# Data Cleanup and Quality Check

**Author:** Diwas Puri (diwas.puri@duke.edu), Duke University

This notebook performs data cleaning on the scraped YBIO dataset.

**Input:** `../data/organizations_final.csv`  
**Output:** `../data/organizations_clean.csv`

In [None]:
import pandas as pd
import numpy as np
import os

# Define paths
INPUT_FILE = '../data/organizations_final.csv'
OUTPUT_FILE = '../data/organizations_clean.csv'

# Load data
print(f"Loading data from {INPUT_FILE}...")
df = pd.read_csv(INPUT_FILE)

initial_count = len(df)
print(f"Initial row count: {initial_count:,}")
display(df.head())

## 1. Remove Exact Duplicates
We remove rows that are identical across all columns.

In [None]:
df_deduped = df.drop_duplicates()
deduped_count = len(df_deduped)
print(f"Rows after removing exact duplicates: {deduped_count:,}")
print(f"Removed: {initial_count - deduped_count:,} rows")

## 2. Remove Repeated Headers
Sometimes scraping artifacts include the header row in the data body.

In [None]:
if 'Name' in df_deduped.columns:
    header_rows = df_deduped[df_deduped['Name'] == 'Name']
    if not header_rows.empty:
        print(f"Found {len(header_rows)} repeated header rows.
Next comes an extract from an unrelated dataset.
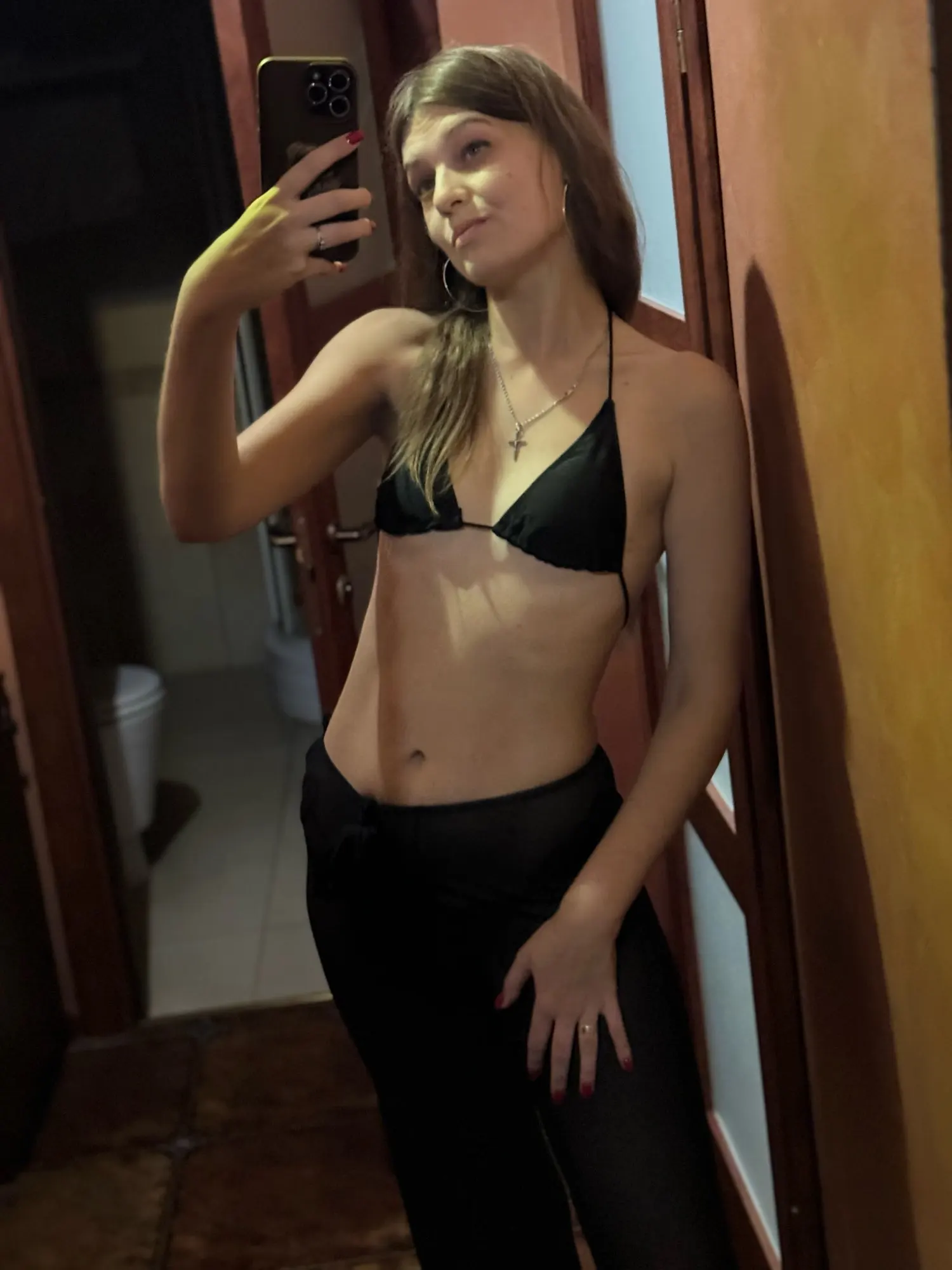 The set consists of a bikini, thong and a transparent skirt. Looks very cool. I recommend it!
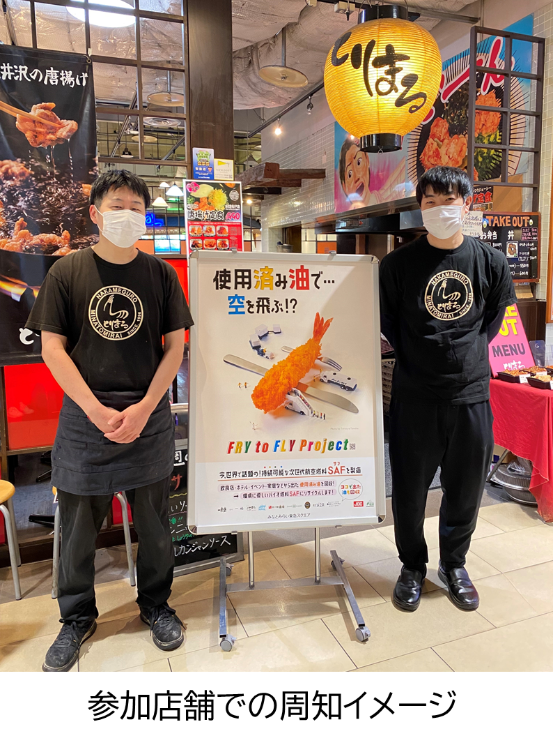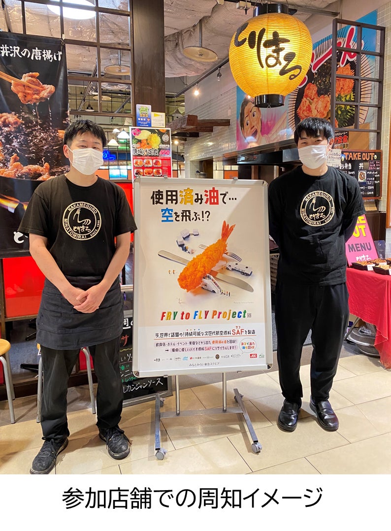 ※2「FRY to FLY Project」はご家庭や店舗などで発生する廃食用油という国内資源を原料とするSAFで、航空機が飛ぶ世界を実現するプロジェクトです。SAFが本格的に導入される為には多くの廃食用油が必要となりますが、現在、家庭の廃食用油の多くは廃棄されており、回収された廃食用油についても年間10万トン以上が国外に輸出されているといわれています。 設立主旨に賛同する参加企業・自治体・団体が相互に連携しつつ、家庭や店舗などから排出される廃食用油の収集を促進するとともに、自治体との連携により廃食用油のSAF への活用に関する教育活動を実施するなど、日本国内において脱炭素化に向けた資源循環の促進に積極的に参加できる機会の創出を目指しています。

Removing...")
        df_deduped = df_deduped[df_deduped['Name'] != 'Name']
    else:
        print("No repeated header rows found.")

## 3. Check for Duplicate UIDs
Ensure each organization has a unique identifier.

In [None]:
if 'UID' in df_deduped.columns:
    uids = df_deduped['UID']
    dup_uids = uids[uids.duplicated()]
    if not dup_uids.empty:
        print(f"Found {len(dup_uids)} duplicate UIDs.")
        # Keep the first occurrence
        df_deduped = df_deduped.drop_duplicates(subset=['UID'], keep='first')
        print(f"Rows after removing duplicate UIDs: {len(df_deduped):,}")
    else:
        print("No duplicate UIDs found.")

## 4. Standardize Missing Values
Convert empty strings and whitespace to NaN.

In [None]:
df_deduped = df_deduped.replace(r'^\s*$', np.nan, regex=True)
print("Standardized missing values.")

## 5. Save Cleaned Data

In [None]:
print(f"Final row count: {len(df_deduped):,}")
df_deduped.to_csv(OUTPUT_FILE, index=False)
print(f"Cleaned data saved to: {OUTPUT_FILE}")